* _Entries supplied_:
════

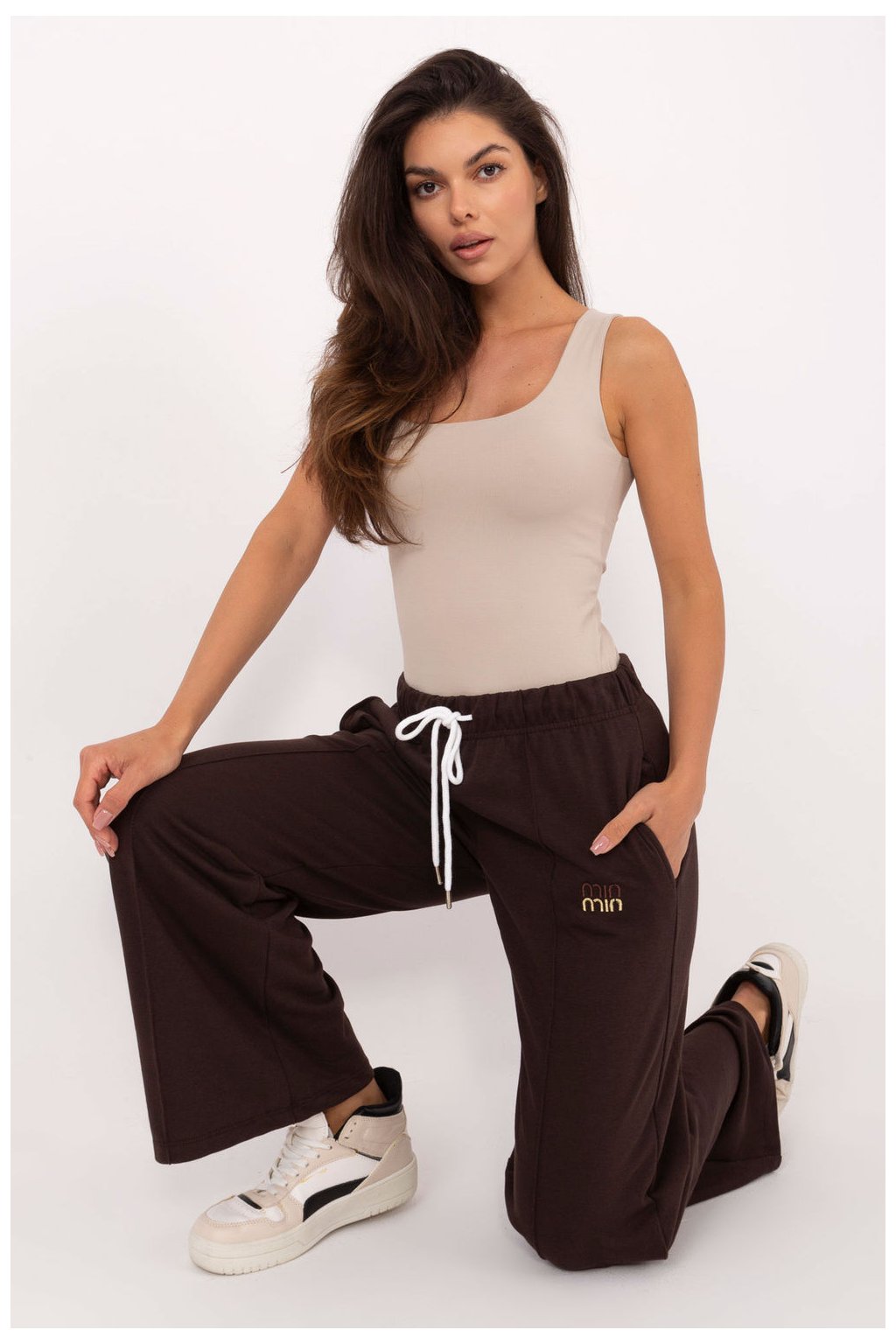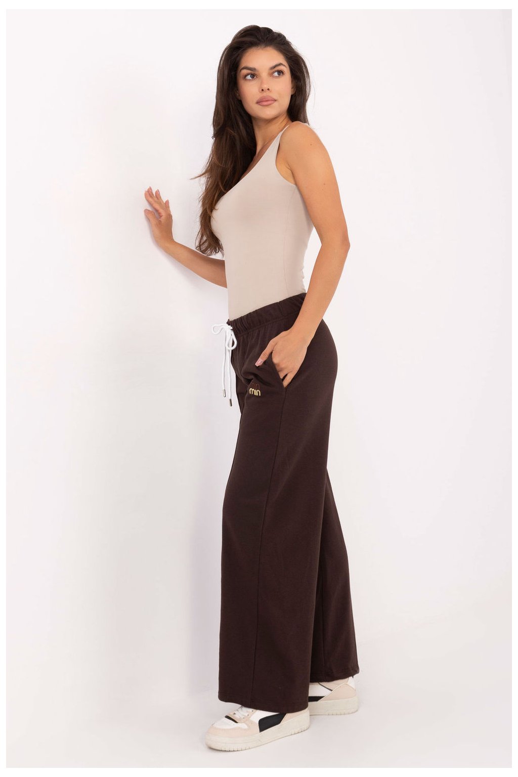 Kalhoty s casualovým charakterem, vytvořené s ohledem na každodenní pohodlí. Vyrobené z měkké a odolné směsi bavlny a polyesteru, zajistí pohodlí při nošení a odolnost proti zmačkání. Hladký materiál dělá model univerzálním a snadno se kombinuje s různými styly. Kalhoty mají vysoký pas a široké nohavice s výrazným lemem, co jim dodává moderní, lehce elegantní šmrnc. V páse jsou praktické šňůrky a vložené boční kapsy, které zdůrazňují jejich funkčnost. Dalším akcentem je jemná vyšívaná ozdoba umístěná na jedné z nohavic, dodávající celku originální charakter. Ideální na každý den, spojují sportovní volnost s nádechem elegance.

════

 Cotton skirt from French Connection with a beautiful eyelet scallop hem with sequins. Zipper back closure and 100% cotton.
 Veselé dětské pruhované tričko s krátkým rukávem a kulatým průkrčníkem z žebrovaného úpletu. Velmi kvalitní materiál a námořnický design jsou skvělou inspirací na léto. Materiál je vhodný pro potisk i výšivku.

════

* _What you have to do_:
Output should match, line for line, the stretch of the material above from the line holding "Cotton skirt from" through the line holding "Veselé dětské pruhované".

* _Solution for this exercise_:
 Cotton skirt from French Connection with a beautiful eyelet scallop hem with sequins. Zipper back closure and 100% cotton.
 Veselé dětské pruhované tričko s krátkým rukávem a kulatým průkrčníkem z žebrovaného úpletu. Velmi kvalitní materiál a námořnický design jsou skvělou inspirací na léto. Materiál je vhodný pro potisk i výšivku.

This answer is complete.